India Forces Drug Companies To Give Up Patents Early

Nexavar, a kidney and liver cancer drug made by Bayer, costs an estimated $69,000 for a year of treatment, Forbes reported in 2012. That year, an Indian company got a license to make a generic version of the same drug and sell it at a 97 percent discount. The license came from the Indian government, without consulting Bayer. Now the government is preparing to give out more licenses for Indian companies to make expensive Western drugs for Indian citizens to take, Bloomberg News reports.

The Bloomberg and Forbes stories offer a glimpse into a fascinating practice that’s got Western drug companies riled up and seems to have no easy solutions.

The license-giving program is the Indian government’s way of making lifesaving drugs affordable to its people. Nexavar’s $69,000 price tag is 41 times the per capita income in India, Forbes points out. The drugs the government committee is now considering for licensing include those for HIV and diabetes, which affect tens of millions of Indians. (Previously, the government committee only looked at cancer drugs, so the addition of these common diseases are a first, Bloomberg reports.)

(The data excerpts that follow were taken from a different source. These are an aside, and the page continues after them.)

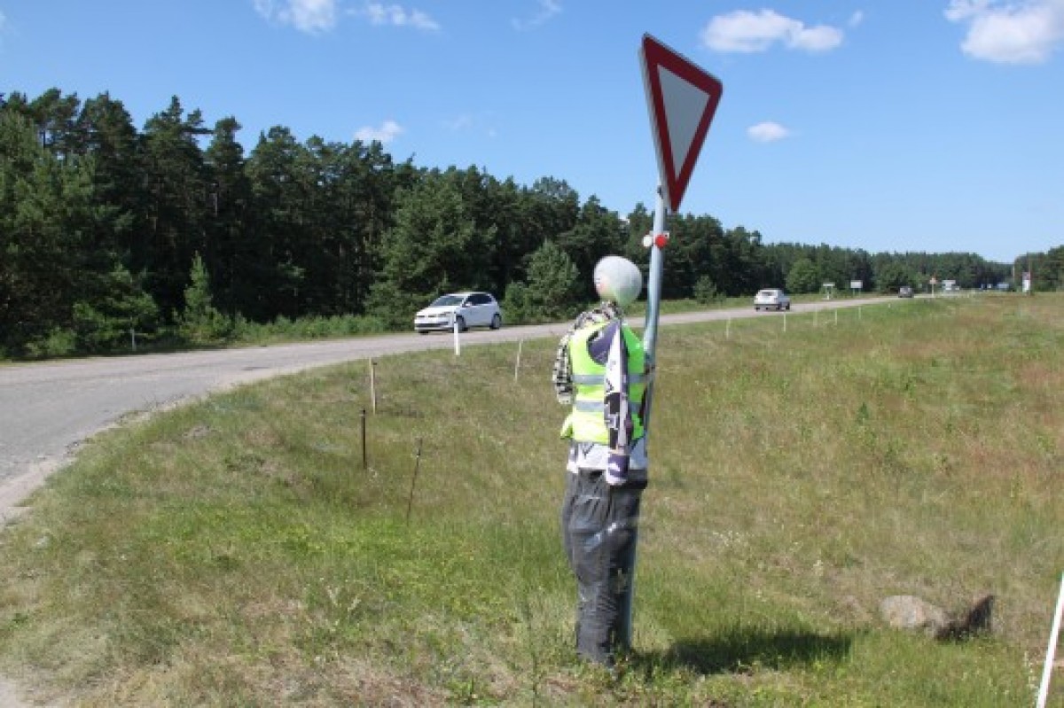 Жители Юркалне придумали своеобразный способ борьбы с автолюбителями, которые превышают скорость. Они сделали два чучела в человеческий рост и поставили их по обочинам шоссе Вентспилс–Лиепая.
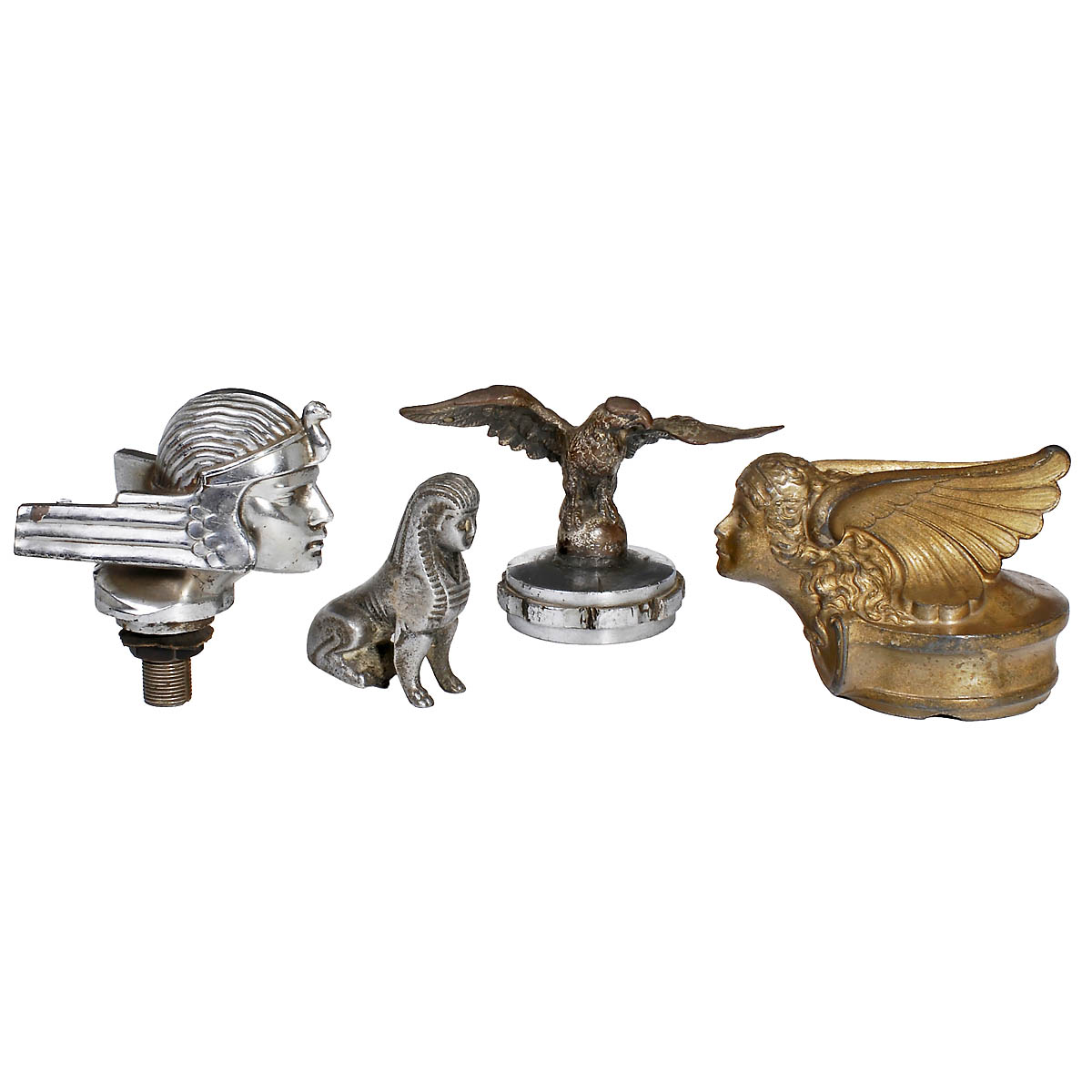 1) Stutz Blackhawk, Ra, the sun god, bronzed. - 2) Buick, winged goddess, nickeled. - 3) Eagle, bronze, on cap. - And: 4) Maahes, Egyptian lion god, aluminum.
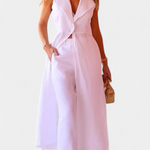 El conjunto Eider redefine la elegancia veraniega con un diseño minimalista y sofisticado. El chaleco largo sin mangas, de corte sastre y cierre frontal, se complementa con un pantalón de pierna recta de caída suave. Su silueta monocromática estiliza sin esfuerzo, ideal para días cálidos con intención refinada.
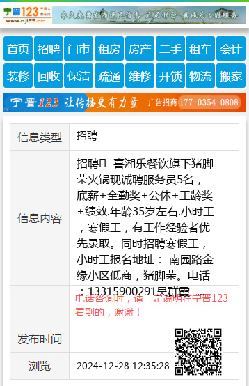 招聘 喜湘乐餐饮旗下猪脚荣火锅现诚聘服务员5名,底薪+全勤奖+公休+工龄奖+绩效.年龄35岁左右.小时工,寒假工,有工作经验者优先录取。同时招聘寒假工,小时工报名地址: 南园路金缘小区低商,猪脚荣。电话:13315900291吴群霞 聘

At the same time, drug companies say the practice is unfair, with Bayer CEO Marijn Dekkers telling Bloomberg it is “essentially theft.” The generics licensing, offered without the patent-protection period drug companies enjoy in the U.S. and other western nations, undercuts companies’ ability to recoup the billion-dollar costs of researching new treatments. It discourages companies from making the investment needed to find new drugs, Merck told Bloomberg.